Additionally, updating the review in one or two years will be of great interest as it will help to analyze how the characteristics of PISP measurement in evaluation studies have developed since the first DiGA was approved in Germany in October 2020.
Implications for practice
With DiGAs now being part of standard care for people with statutory health insurance in Germany and with PISPs now relevant in terms of approval and reimbursement decisions, Germany is breaking new ground in international comparison.

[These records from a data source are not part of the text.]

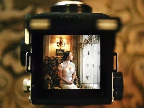 我利用新娘家的中画幅海鸥相机作为道具,先调整好相机的取景框完成基本构图,然后让新娘坐进去,对焦完成拍摄。我在相机下面放置了一把同风格的椅子,即使是虚化的背景,也要与取景框内的画面相协调。
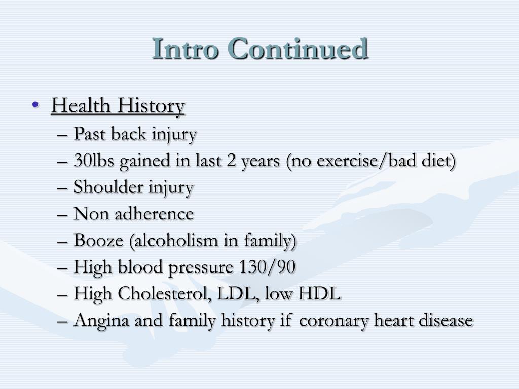 Intro Continued • Health History • Past back injury • 30lbs gained in last 2 years (no exercise/bad diet) • Shoulder injury • Non adherence • Booze (alcoholism in family) • High blood pressure 130/90 • High Cholesterol, LDL, low HDL • Angina and family history if coronary heart disease
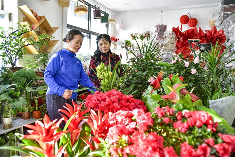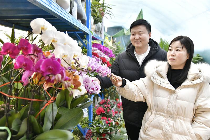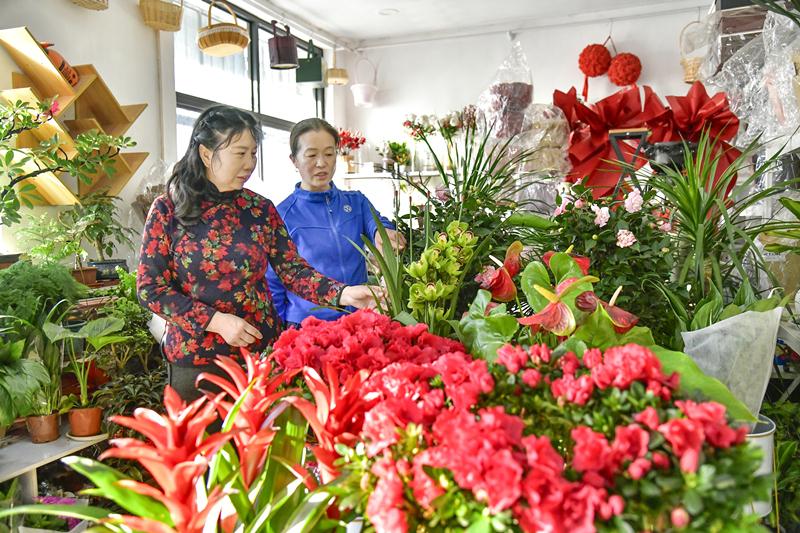 2月7日,快乐彩app官方下载广平县消耗者在花店选购鲜花。
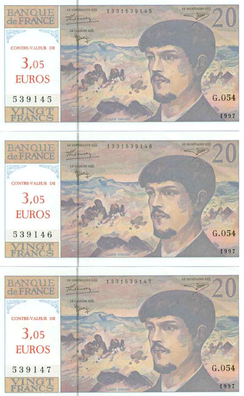 Lot de 3 billets de 20 francs Debussy 1997 – Surchargés d’une contremarque de 3.05 euros
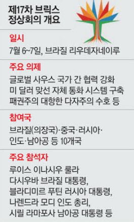 올해 브릭스 정상회의에는 의장국인 브라질을 포함해 중국, 러시아, 인도 등 10개국이 참여한다. 룰라 대통령과 모디 총리 외에 주요 정상으로는 블라디미르 푸틴 러시아 대통령, 시릴 라마포사 남아프리카공화국 대통령 등이 참석한다. 글로벌사우스 간 협력 강화와 미국 달러에 대항하는 자체 통화시스템 구축, 보호주의 반대 및 다자주의 수호 등이 주요 의제로 다뤄질 전망이다.
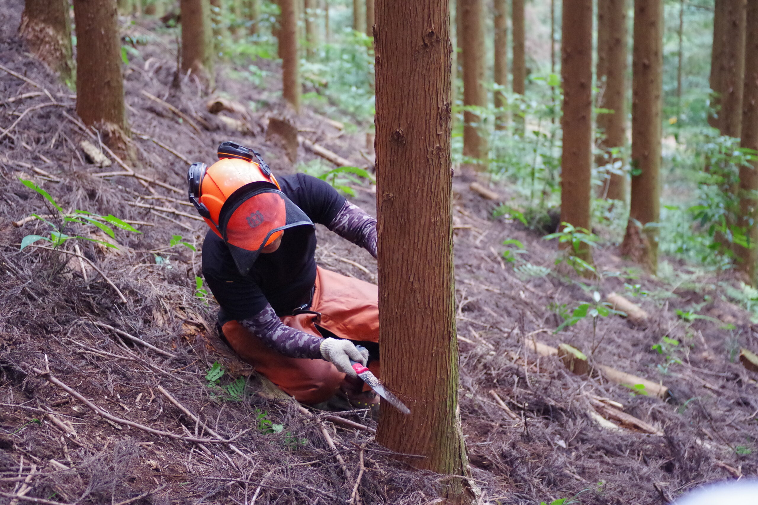 自分の足で森の中に入り、木を伐り、運び出し、実際に使ってみるところまでを体験いただきます。

These innovations, the accompanying discussions, and thus, the results of the present study are of international interest for different target groups:
(I) international digital health application manufacturers and vendors who plan to have their application approved as a DiGA in Germany, an important market in the field of mobile health applications [2]

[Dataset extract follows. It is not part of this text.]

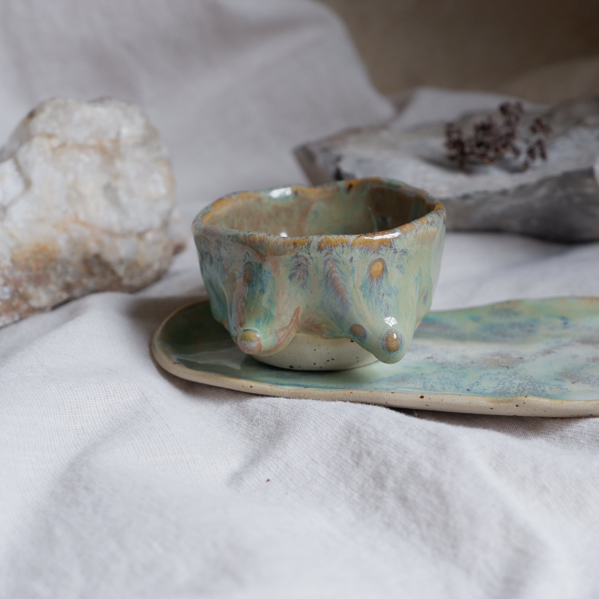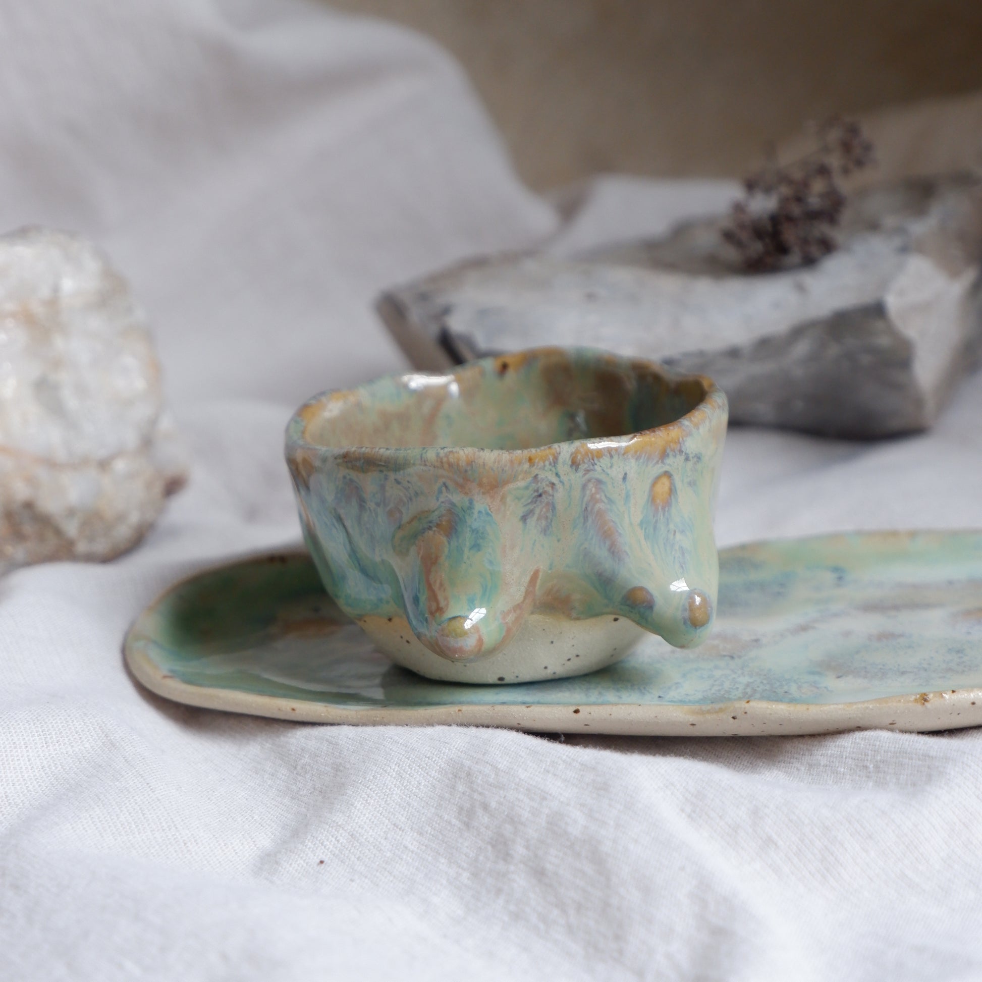 Its small size of 60 ml invites mindful moments, soft light, and quiet reflection. It is food safe, so if it inspires you, it can also hold a small sip or be used to serve dips when spring sunlight fills your table.

(II) representatives of governments, and healthcare systems worldwide concerning the significance of PISP in evaluation studies of digital health applications and the associated DiGA approval and reimbursement process [2]
(III) patients, who gain low-threshold access to quality-assured and evidence-based digital health applications and whose perspective and potential benefits have become significantly more important through innovative German legislation. This greater consideration of patient benefits when implementing and evaluating care interventions follows the principles of value-based healthcare [7].
Limitations
Currently, no legally binding document elaborates on the single PISP outcome categories, the corresponding outcome domains, outcomes, or outcome measurement instruments. This lack of explanation made it difficult for us to assign the single outcomes to the respective PISP outcome categories. However, to sharpen our understanding, we used the explanations from the DiGA Guide (Table 2)(5) and insights from a text book published by an expert committee of the Federal Ministry of Health for digital health interventions.(73) Furthermore, the interventions and study settings described in the articles were considered for the assignment of outcomes to the respective PISP outcome categories, and the entire data extraction was done by two reviewers independently. Nonetheless, the difficulties we faced illustrate again the need for further clarification of which outcomes and outcome measurement instruments can be assigned to the 9 PISP outcome domains.
As this was the follow-up analysis of an existing review not directed at measuring the effectiveness of an intervention, no a priori registration of the review was filed. However, the previous review used validated search strategies as well as a piloted data extraction strategy.
Given the fact that we did not aim to measure intervention effectiveness, we refrained from any quality assessment. Therefore, no statement can be made on potential risks of bias within the included studies.
Since we were unable to obtain any additional references from the extensive aditional searches, we assume that the initial data set and thus the conduct of a subreview was an appropriate method to address our research questions.